Proforma – Investors love to see the numbers. It’s better if you can provide validated numbers that reflect a few of the big decisions you are going to make.
Prototype – Can you put your product in an investor’s hand? Better yet, is it a working prototype? Prototypes show you are another step closer to revenue.
Product – Do you have a finished product? Even better.
Promotion Strategy – You may have the best product in the world and if no one knows about it, your company fails. How are you going to get your product into the world? Provide specifics about your strategy such as, “work with Marketing Company X, beginning March 2013”.
Partnerships – No company is an island. Partner with other companies toward a common goal of increasing revenue. A great example is Zappos which partnered with UPS to provide free shipping. Zappos gained customers through their always free shipping gimmick and UPS increased volume of their shipping business. Obviously, Zappos paid UPS, at a bulk discount, to ship.
Paying Customers – Have you convinced anyone to pay you for your product? Even if it’s only two customers, flaunt all sales.
Proof – Proof of concept and proof that your business model is a valid one comes in many ways. The more proof you have that your company can make money, the more likely you can get investors excited about your company.

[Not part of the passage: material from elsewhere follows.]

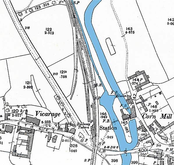 Photo from John Mann collection ![]() ![]() 1897 1:2,500 OS map shows the layout of Standon station and goods yard. The private siding that served the corn mill (seen in the picture below) had not yet been provided.

Pitch Deck – You have to communicate your business to investors in a short period of time. Your message must be clear or you can lose credibility fast. You really do only get one chance to make a first impression.
PPM – A Private Placement Memorandum is a legal document that includes an engagement letter, term sheet, and everything your company needs to issue stock in accordance with the Securities and Exchange Commission. The document details the summary of the offering, financial data, industry overview, management, etc. Companies with a PPM tend to close on their rounds faster than those who don’t.
If you are feeling a little overwhelmed at the extent of preparation that is necessary to raise funding, don’t fret. Fundraising is a process, very few companies have all of these when they begin seeking capital. Often companies set aside a year when they decide that it is appropriate to begin fundraising. They spend some time gathering the information for the proforma and PPM, begin to create a pitch deck, and start spreading the word that they are interested in investment. A great investment takes time to prepare.